El final de los ochenta nos ha traído un helador viento antiexpresionista, que no ha dejado de ser, en ningún caso, tan moda comercial y tan revivalista como lo fue en su momento el expresionismo y lo que, asociado con él, se describió con ingenuo entusiasmo como "vuelta a la pintura". Los cambios de década no aportan por sí mismos cambios de perspectiva, pero, en particular, el que ahora vivimos no ofrece indicios razonables de subversión de valores. El relativismo ha sido una de las aportaciones de la llamada cultura posmoderna, que compone, de cuando en cuando, pomposos gestos morales que se parecen a las piruetas del arlequín que quiere reclamar la atención del público. Pero, en fin, es un hecho que las brochas blandidas hace 10 años han dejado su lugar a los sopletes, los alicates y, en general, a todo ese instrumental metalúrgico que hace posible la fabricación de las llamadas "piezas" y las "instalaciones".

A esto último se le ha llamado "nueva escultura", y tiene cierta gracia que así sea 70 años después del cubismo y el constructivismo, y casi un cuarto de siglo después del minimal. De todas formas, no queda ya disciplina o género tradicionales en pie, el signo artístico se ha hecho completamente versátil y sólo hay que esperar, con paciencia, que el público y los medios de masas se acostumbren a que el descubrimiento de ese Mediterráneo que se llama los "nuevos medios" es ya bastante viejo y una práctica que hoy se enseña en las escuelas de arte académicas.

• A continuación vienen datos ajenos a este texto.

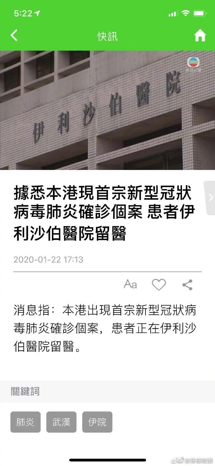 据香港无线新闻1月22日17时许消息,香港出现首宗新型冠狀病毒肺炎确诊个案,患者正在伊利沙伯医院留医治疗。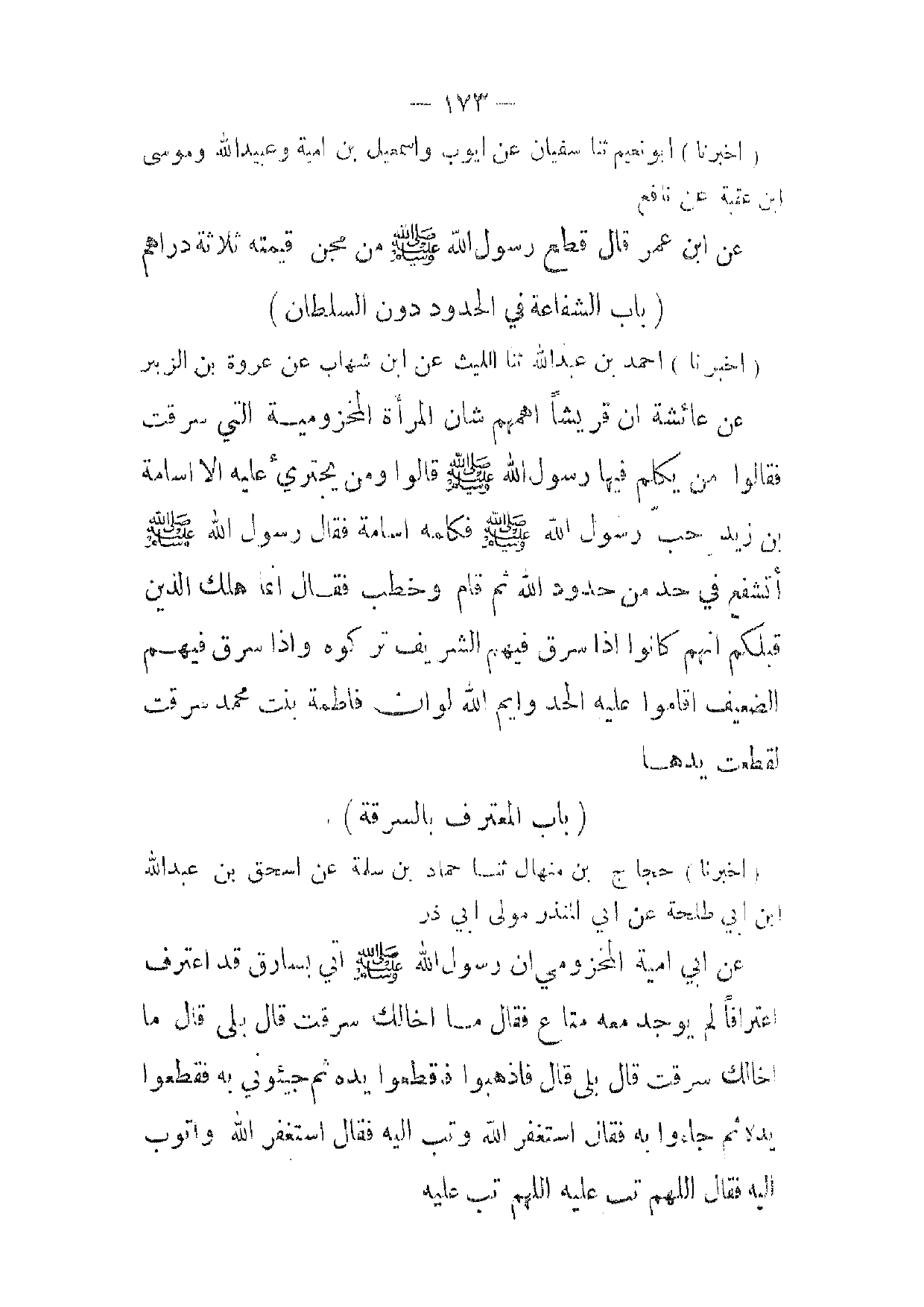(أخبرنا) احمد بن عبد الله ثنا الليث عن ابن شهاب عن عروة بن الزبير عن عائشة ان قريشا اهمهم شان المرأة المخزومية التي سرقت فقالوا من يكلم فيها رسول الله صلى الله عليه وسلم قالوا ومن يجترئ عليه الا اسامة بن زيد حب رسول الله صلى الله عليه وسلم فكلمه اسامة فقال رسول الله صلى الله عليه وسلم أتشفع في حد من حدود الله ثم قام وخطب فقال انما هلك الذين قبلكم انهم كانوا إذا سرق فيهم الشريف تركوه وإذا سرق فيهم الضعيف اقاموا عليه الحد وايم الله لو ان فاطمة بنت محمد سرقت لقطعت يدها

En fin, decía al principio de este artículo, con ironía, que el arte de los noventa iba a ser probablemente un arte anti-noventa, anti-décadas y anti-juvenil, pero esto era, más que una premonición, simplemente un deseo, dictado por el aburrimiento, y no hay nada más moderno y posmoderno que el spleen. Los noventa serán los noventa, pero el arte ha sido siempre otra cosa.